• Available data
▼

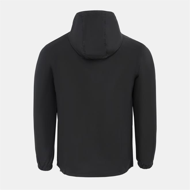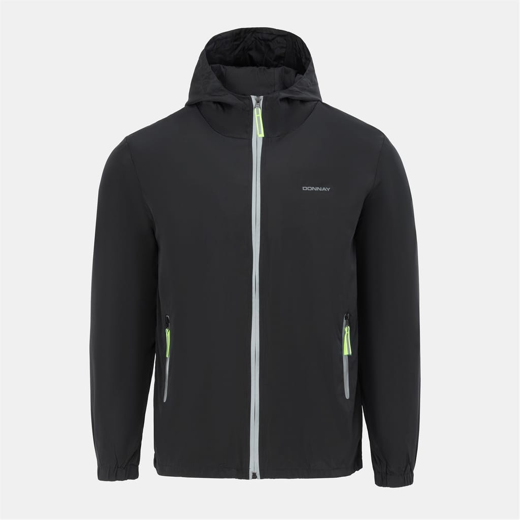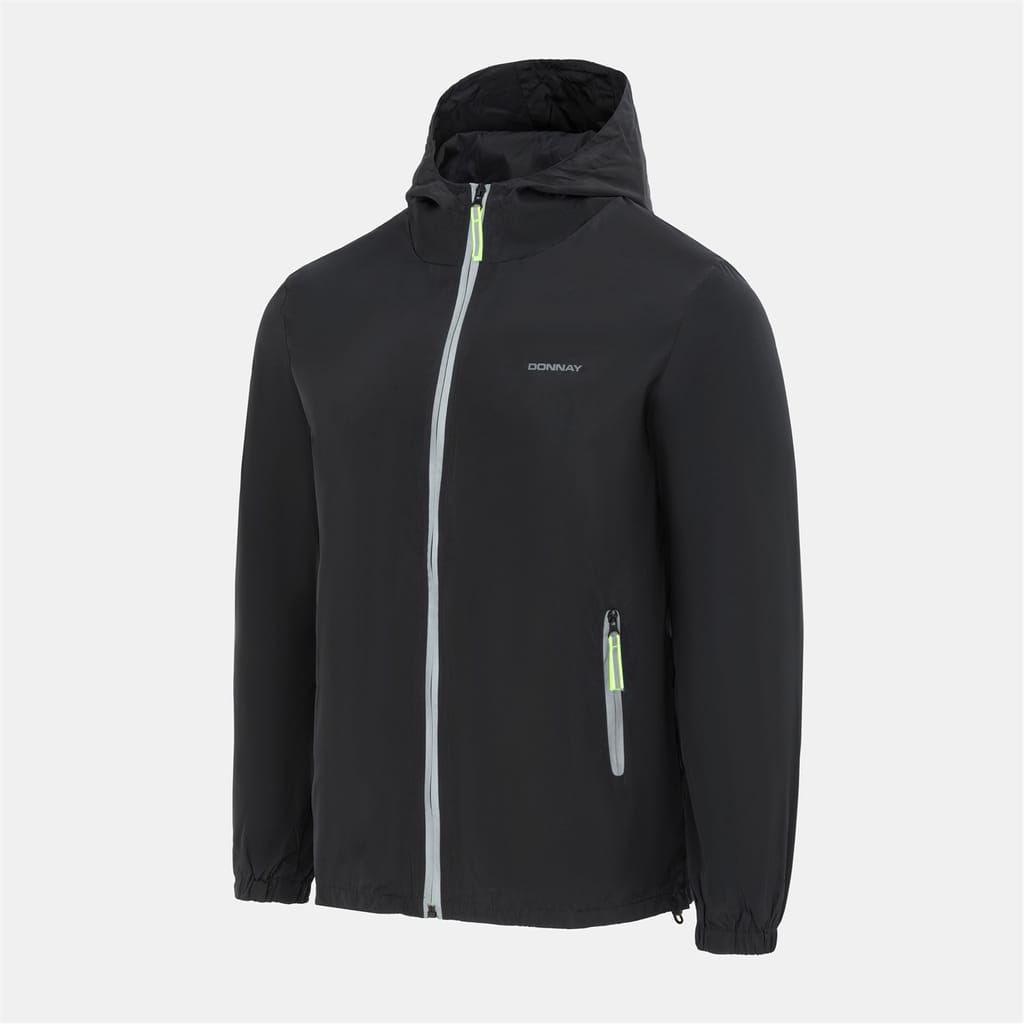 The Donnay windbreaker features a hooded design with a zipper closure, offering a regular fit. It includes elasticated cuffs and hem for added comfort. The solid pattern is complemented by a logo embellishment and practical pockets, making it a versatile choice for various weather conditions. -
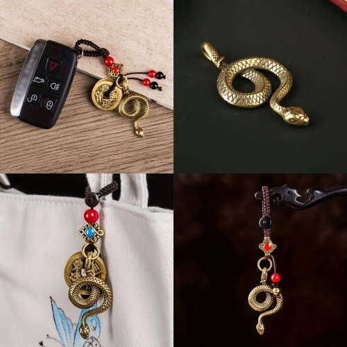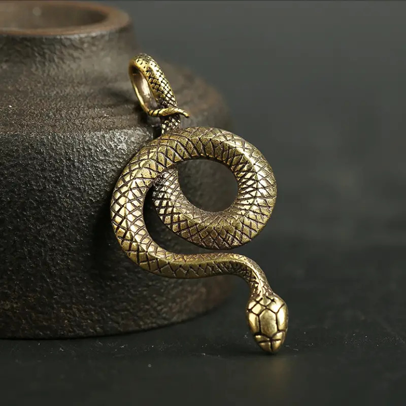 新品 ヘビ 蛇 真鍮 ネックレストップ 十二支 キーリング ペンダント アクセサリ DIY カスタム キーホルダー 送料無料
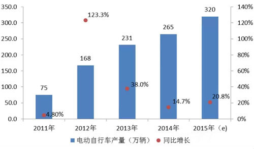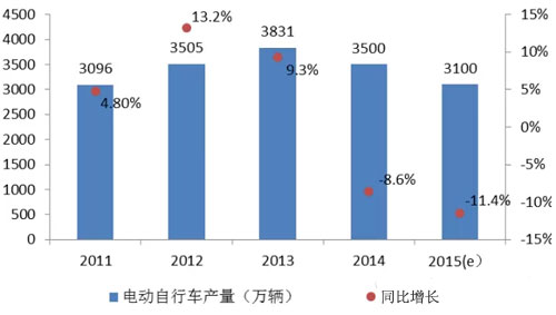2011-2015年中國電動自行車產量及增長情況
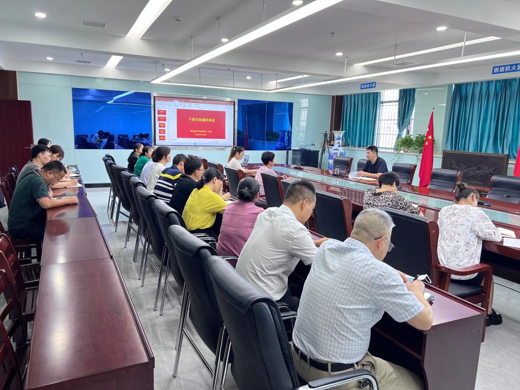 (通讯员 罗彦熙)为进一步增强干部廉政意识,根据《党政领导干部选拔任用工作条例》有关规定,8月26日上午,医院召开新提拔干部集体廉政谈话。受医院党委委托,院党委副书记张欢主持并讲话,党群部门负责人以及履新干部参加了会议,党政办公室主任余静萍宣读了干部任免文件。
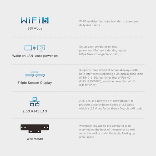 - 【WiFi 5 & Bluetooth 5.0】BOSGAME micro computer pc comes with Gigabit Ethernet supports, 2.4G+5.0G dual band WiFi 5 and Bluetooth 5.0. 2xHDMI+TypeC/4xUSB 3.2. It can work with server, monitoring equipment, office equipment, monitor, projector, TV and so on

▲
▼

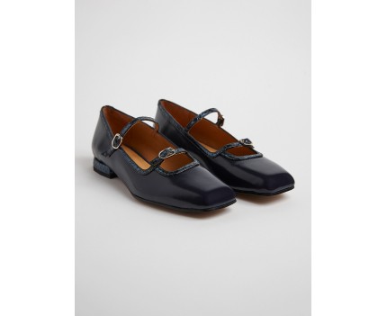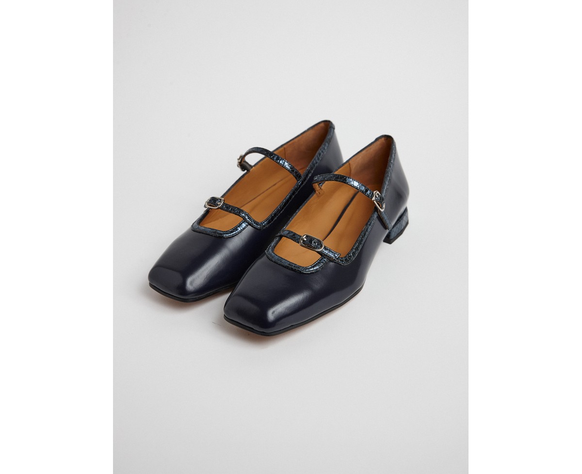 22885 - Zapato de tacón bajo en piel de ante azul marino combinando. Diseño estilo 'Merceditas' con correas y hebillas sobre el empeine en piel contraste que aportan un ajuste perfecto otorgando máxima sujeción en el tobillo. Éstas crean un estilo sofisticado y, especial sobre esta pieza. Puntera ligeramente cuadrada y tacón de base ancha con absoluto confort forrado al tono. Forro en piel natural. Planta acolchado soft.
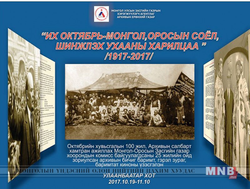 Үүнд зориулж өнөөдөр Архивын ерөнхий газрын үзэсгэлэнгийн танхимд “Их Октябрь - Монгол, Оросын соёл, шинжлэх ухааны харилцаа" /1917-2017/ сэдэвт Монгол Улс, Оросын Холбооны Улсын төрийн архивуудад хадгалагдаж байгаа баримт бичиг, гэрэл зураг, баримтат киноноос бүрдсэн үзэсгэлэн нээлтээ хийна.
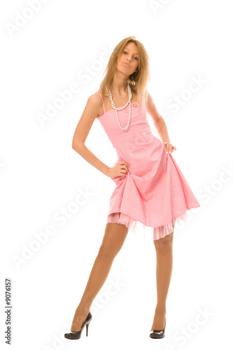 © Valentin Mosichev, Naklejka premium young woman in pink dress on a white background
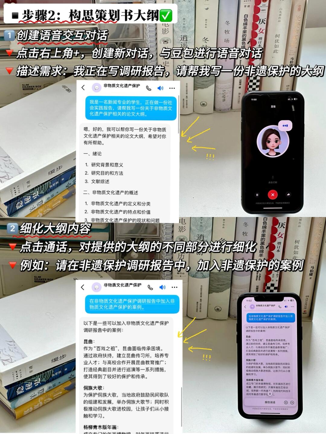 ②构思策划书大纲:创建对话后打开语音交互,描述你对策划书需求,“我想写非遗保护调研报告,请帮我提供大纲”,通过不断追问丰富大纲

▲
▼

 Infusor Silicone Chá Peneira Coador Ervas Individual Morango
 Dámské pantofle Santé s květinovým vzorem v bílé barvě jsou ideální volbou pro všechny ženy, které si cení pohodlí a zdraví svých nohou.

▲

• What to do
Repeat exactly the stretch of the listing above that starts with the line holding "a white background" and finishes with the line holding "②构思策划书大纲:创建对话后", both included. Skip every picture.

• Result of the task
 © Valentin Mosichev, Naklejka premium young woman in pink dress on a white background
 ②构思策划书大纲:创建对话后打开语音交互,描述你对策划书需求,“我想写非遗保护调研报告,请帮我提供大纲”,通过不断追问丰富大纲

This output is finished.